**EXERCISE REQUIREMENTS**
Below are entries; repeat exactly, and nothing else, the lines from the one holding "目前勇士队有14名球员——1" through the one holding "Izpiske vseh ostalih", inclusive. Leave the pictures out.

[Stored items from a collection]

▬▬▬

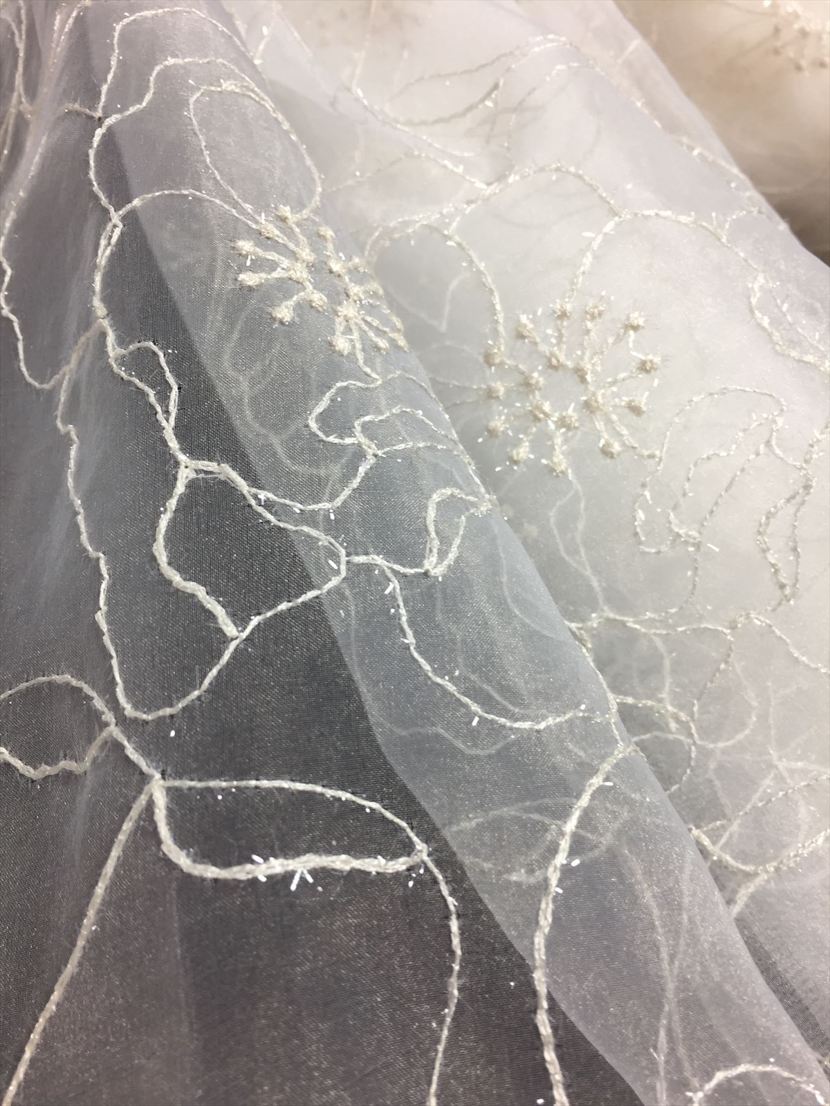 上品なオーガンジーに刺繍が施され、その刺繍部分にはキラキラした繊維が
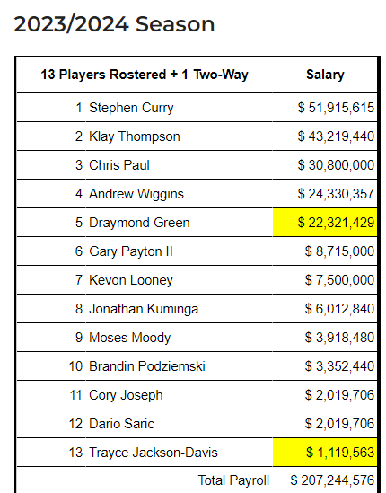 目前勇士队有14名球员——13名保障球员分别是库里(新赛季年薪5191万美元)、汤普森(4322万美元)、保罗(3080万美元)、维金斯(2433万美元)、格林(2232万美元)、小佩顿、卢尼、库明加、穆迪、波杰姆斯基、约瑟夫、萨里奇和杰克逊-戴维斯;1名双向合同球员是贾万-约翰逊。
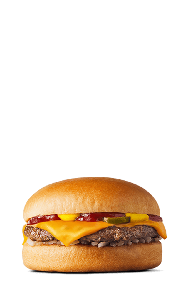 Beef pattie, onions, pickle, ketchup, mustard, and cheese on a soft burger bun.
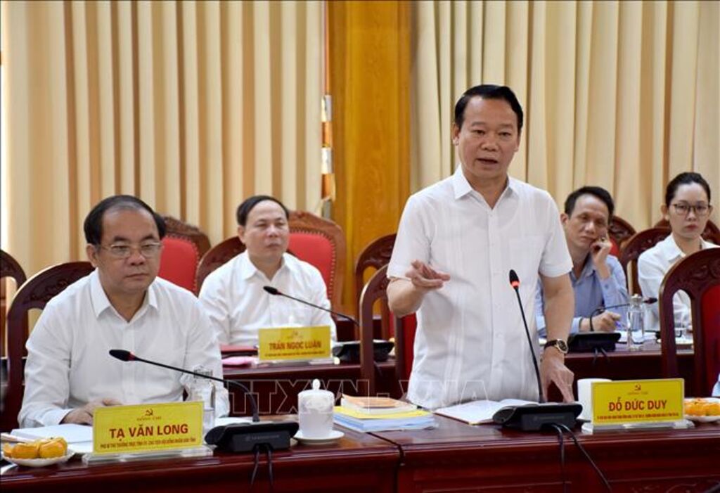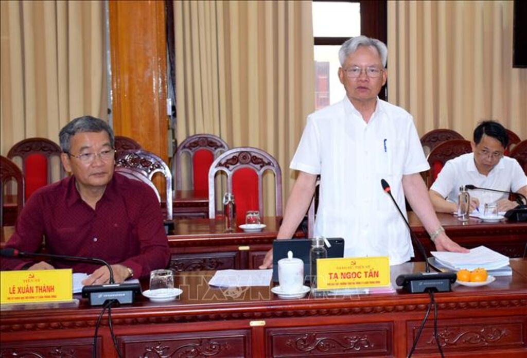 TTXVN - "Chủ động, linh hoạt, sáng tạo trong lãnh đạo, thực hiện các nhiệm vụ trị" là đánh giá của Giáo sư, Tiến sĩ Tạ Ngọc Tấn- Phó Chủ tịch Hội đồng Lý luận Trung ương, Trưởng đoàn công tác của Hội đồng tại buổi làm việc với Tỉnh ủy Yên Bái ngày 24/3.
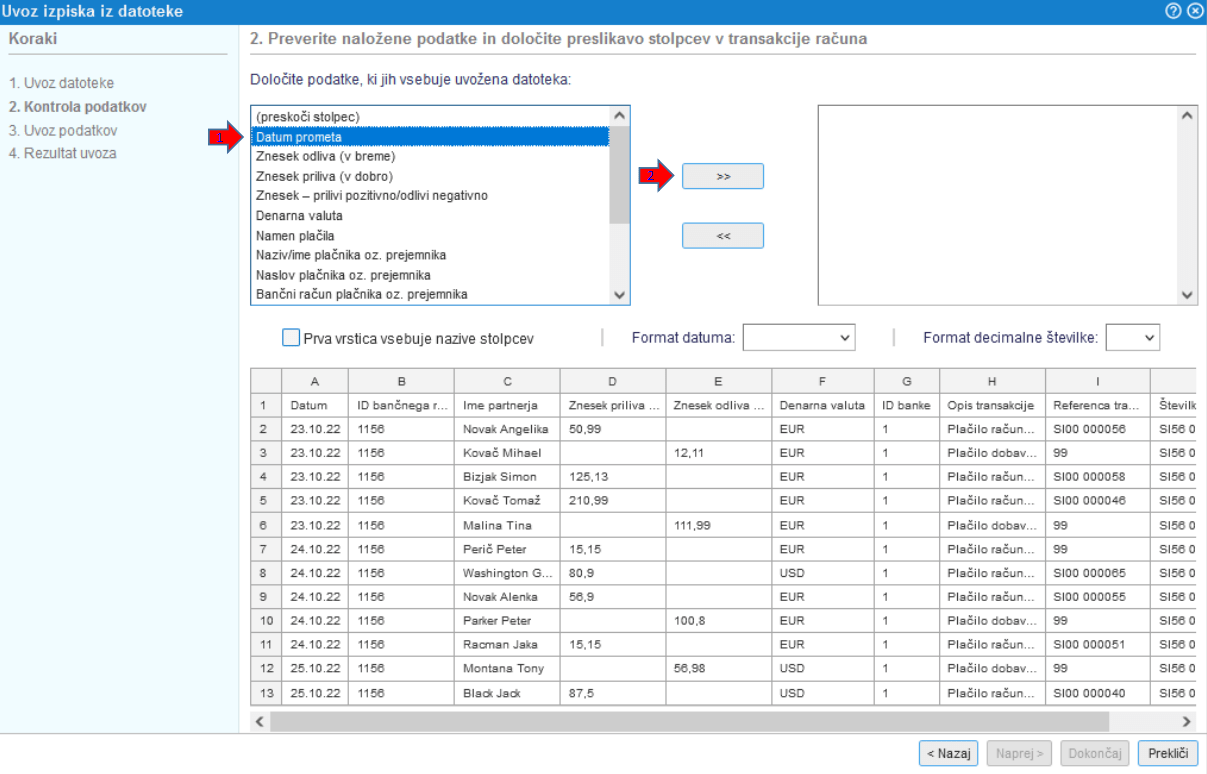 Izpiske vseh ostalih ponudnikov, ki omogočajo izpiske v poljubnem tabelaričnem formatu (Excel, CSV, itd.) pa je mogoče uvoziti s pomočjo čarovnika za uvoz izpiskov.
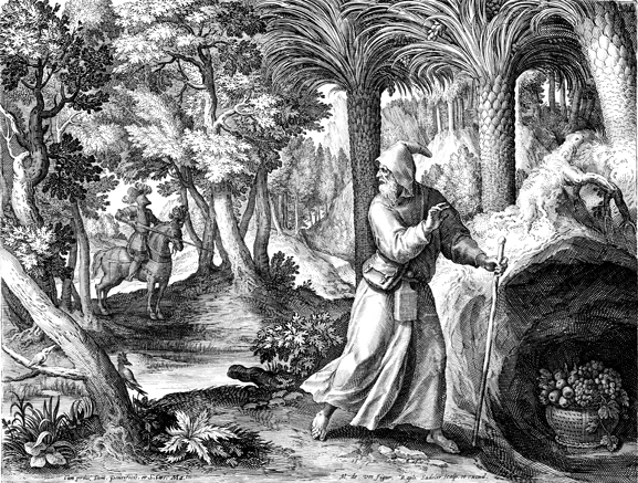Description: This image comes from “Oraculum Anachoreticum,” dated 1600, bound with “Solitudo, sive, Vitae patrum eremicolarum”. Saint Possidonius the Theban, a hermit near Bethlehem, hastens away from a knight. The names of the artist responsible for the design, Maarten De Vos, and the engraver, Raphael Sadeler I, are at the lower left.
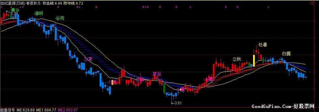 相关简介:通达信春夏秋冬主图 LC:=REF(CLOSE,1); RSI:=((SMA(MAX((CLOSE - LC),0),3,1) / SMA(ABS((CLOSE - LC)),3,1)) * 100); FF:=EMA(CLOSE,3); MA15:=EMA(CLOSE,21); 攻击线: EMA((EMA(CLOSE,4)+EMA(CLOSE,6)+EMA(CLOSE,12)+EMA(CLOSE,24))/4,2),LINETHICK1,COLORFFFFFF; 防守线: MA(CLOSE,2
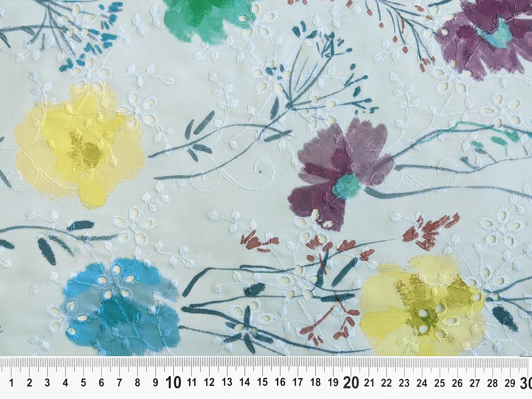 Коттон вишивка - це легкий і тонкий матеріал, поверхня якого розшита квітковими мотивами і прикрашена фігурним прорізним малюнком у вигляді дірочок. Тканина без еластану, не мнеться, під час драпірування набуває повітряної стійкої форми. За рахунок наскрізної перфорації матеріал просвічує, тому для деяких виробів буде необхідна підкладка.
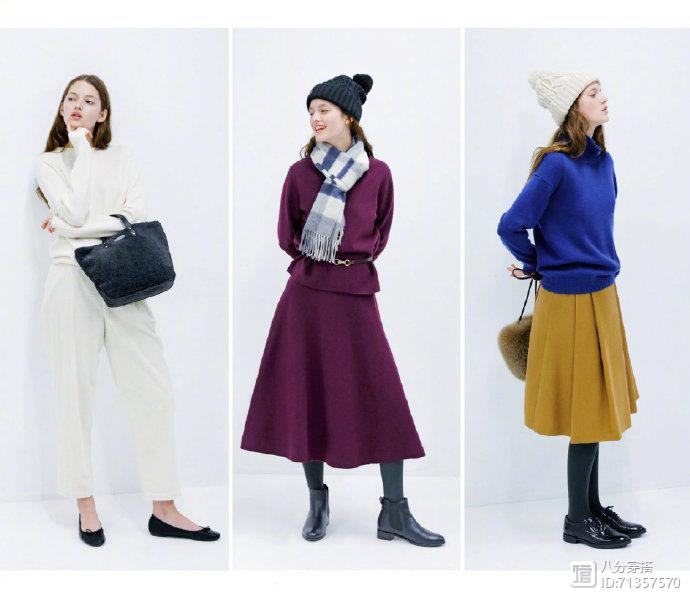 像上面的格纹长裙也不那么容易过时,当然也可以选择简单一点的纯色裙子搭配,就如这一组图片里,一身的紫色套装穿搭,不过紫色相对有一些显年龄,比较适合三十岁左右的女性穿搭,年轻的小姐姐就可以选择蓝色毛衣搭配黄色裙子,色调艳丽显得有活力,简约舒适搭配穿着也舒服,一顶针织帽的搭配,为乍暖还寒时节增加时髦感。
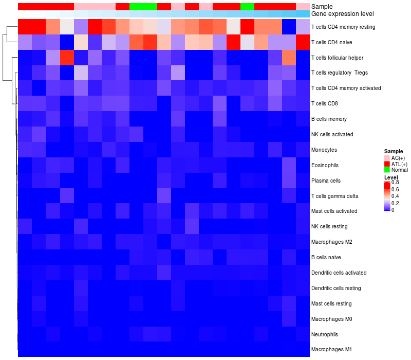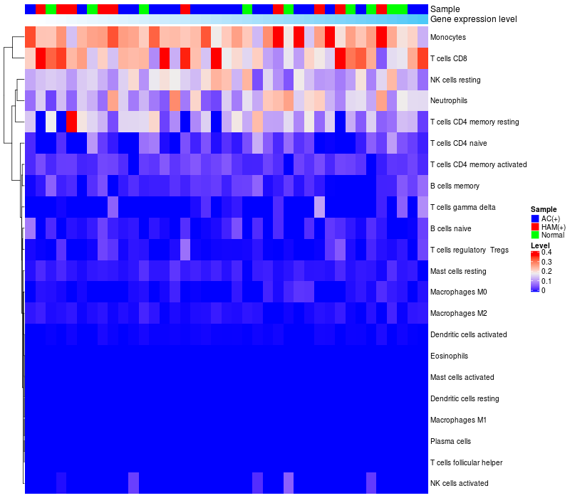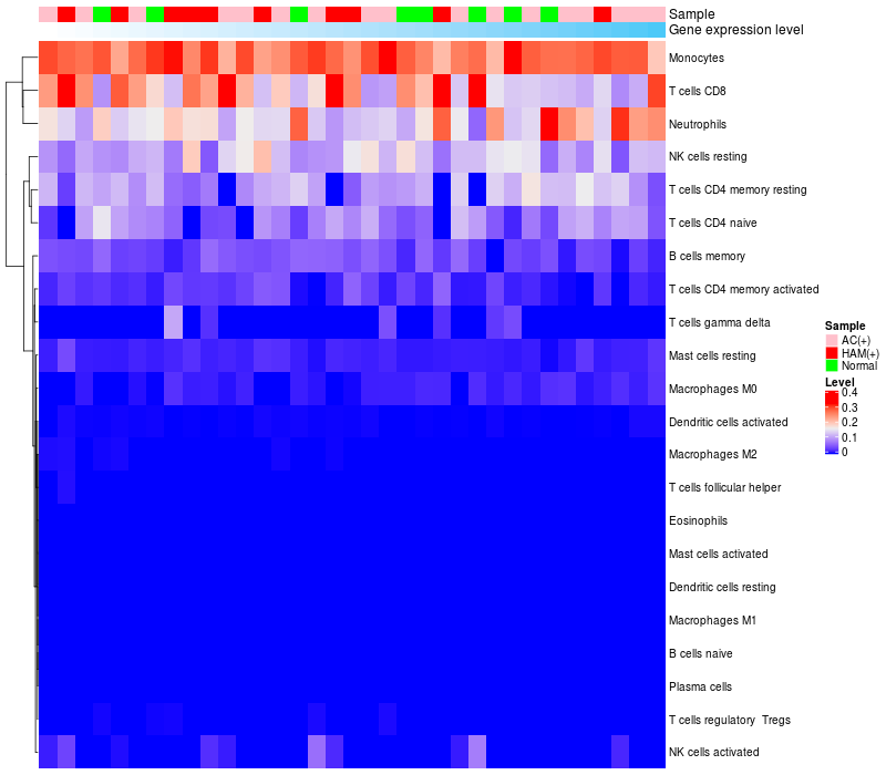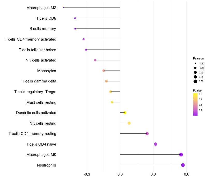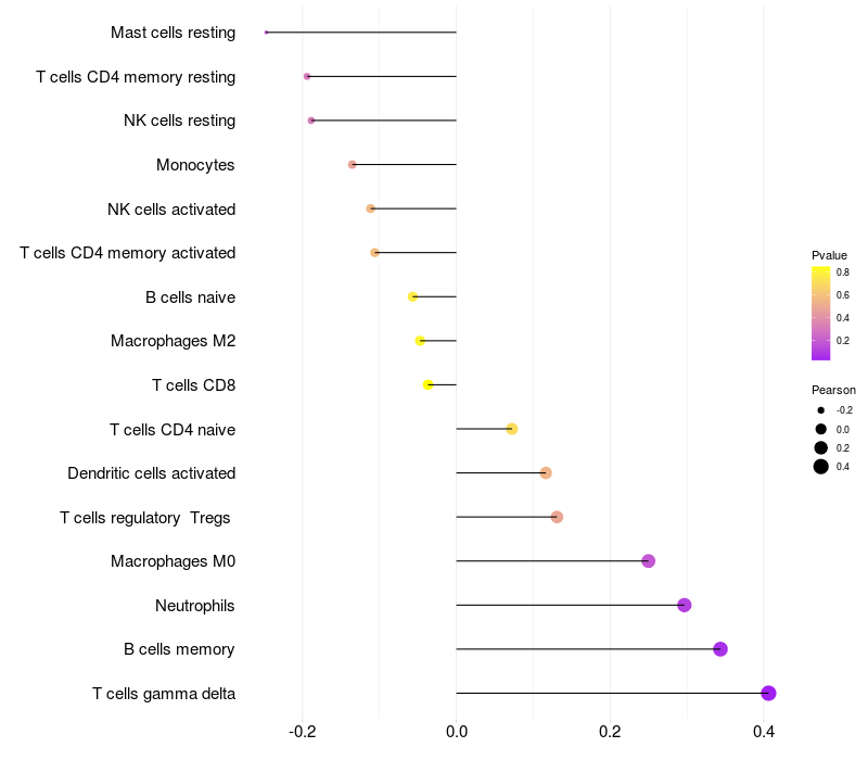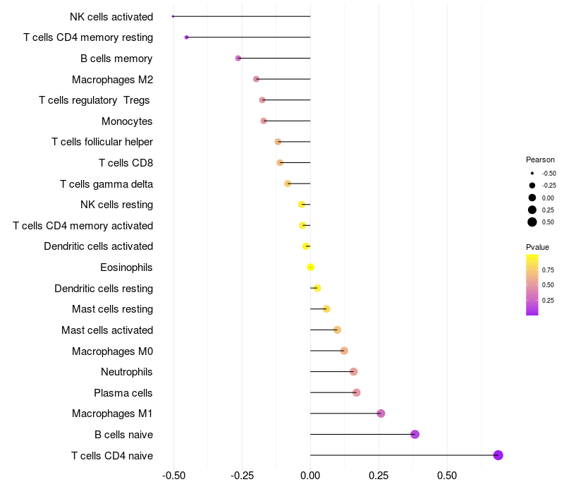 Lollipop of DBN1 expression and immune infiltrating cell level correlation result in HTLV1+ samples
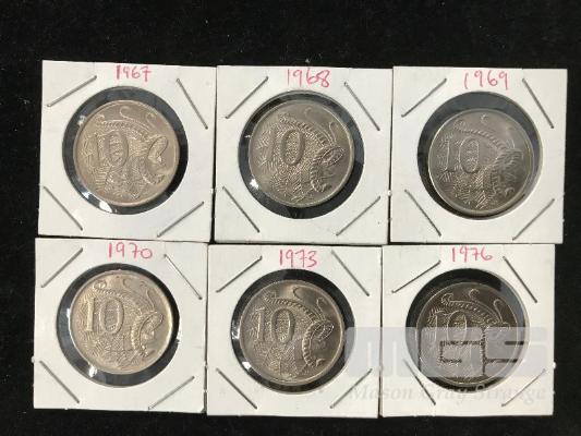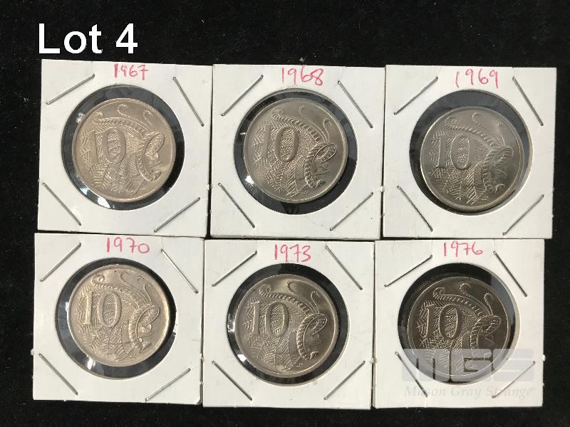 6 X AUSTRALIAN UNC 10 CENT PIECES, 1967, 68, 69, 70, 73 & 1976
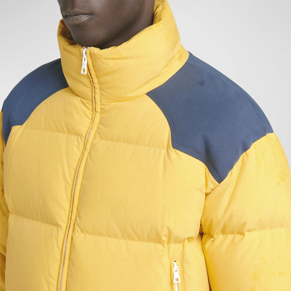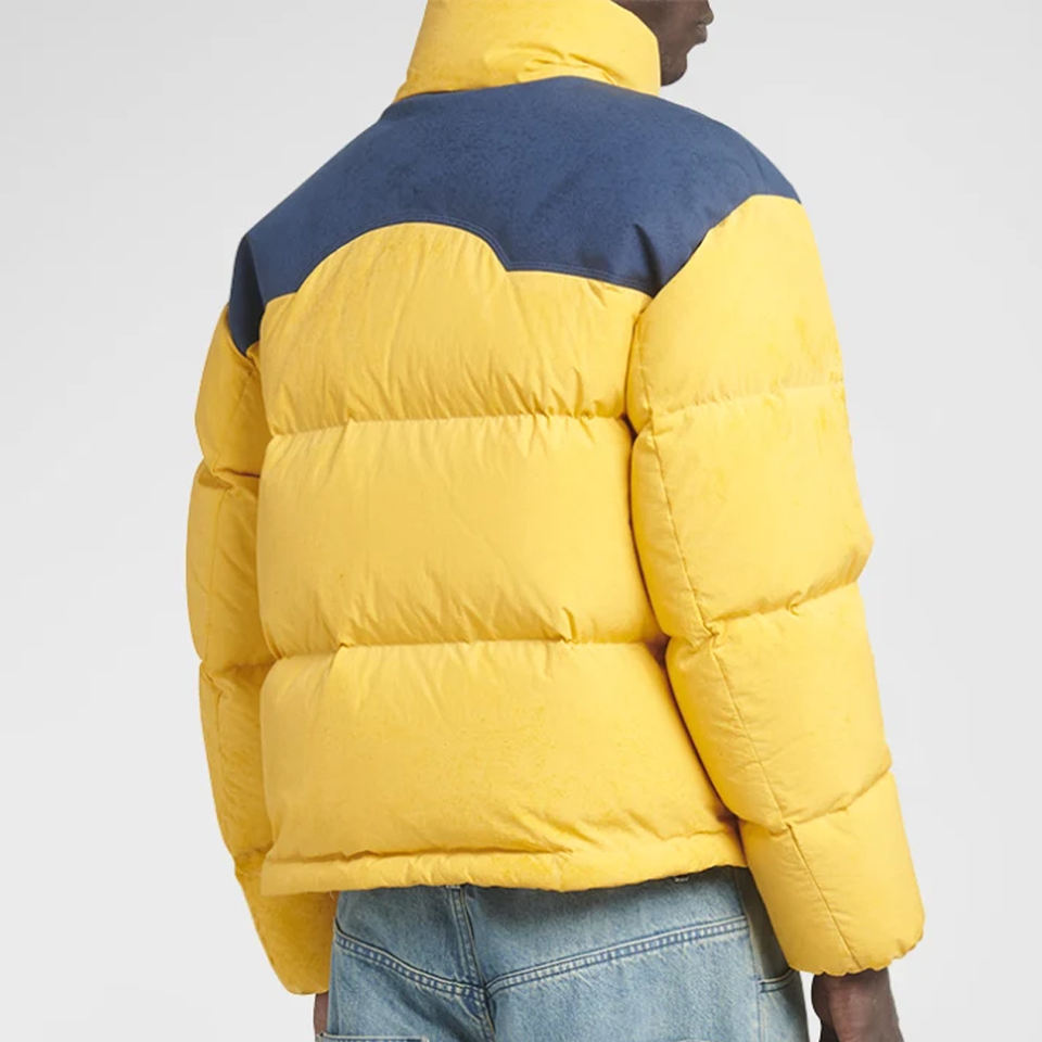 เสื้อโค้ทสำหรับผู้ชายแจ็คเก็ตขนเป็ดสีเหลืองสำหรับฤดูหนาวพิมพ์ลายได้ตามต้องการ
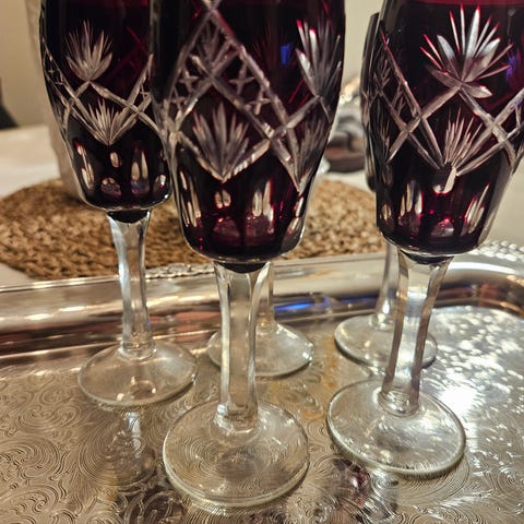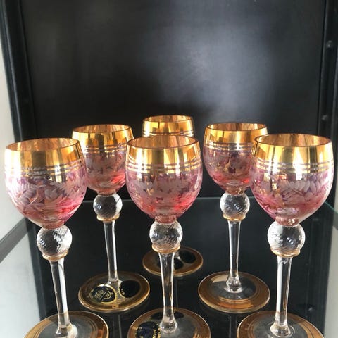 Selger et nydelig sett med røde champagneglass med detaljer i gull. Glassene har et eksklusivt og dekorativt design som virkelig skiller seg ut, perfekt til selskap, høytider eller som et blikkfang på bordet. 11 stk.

▬▬▬

**ANSWER SPACE**
 目前勇士队有14名球员——13名保障球员分别是库里(新赛季年薪5191万美元)、汤普森(4322万美元)、保罗(3080万美元)、维金斯(2433万美元)、格林(2232万美元)、小佩顿、卢尼、库明加、穆迪、波杰姆斯基、约瑟夫、萨里奇和杰克逊-戴维斯;1名双向合同球员是贾万-约翰逊。
 Beef pattie, onions, pickle, ketchup, mustard, and cheese on a soft burger bun.
 TTXVN - "Chủ động, linh hoạt, sáng tạo trong lãnh đạo, thực hiện các nhiệm vụ trị" là đánh giá của Giáo sư, Tiến sĩ Tạ Ngọc Tấn- Phó Chủ tịch Hội đồng Lý luận Trung ương, Trưởng đoàn công tác của Hội đồng tại buổi làm việc với Tỉnh ủy Yên Bái ngày 24/3.
 Izpiske vseh ostalih ponudnikov, ki omogočajo izpiske v poljubnem tabelaričnem formatu (Excel, CSV, itd.) pa je mogoče uvoziti s pomočjo čarovnika za uvoz izpiskov.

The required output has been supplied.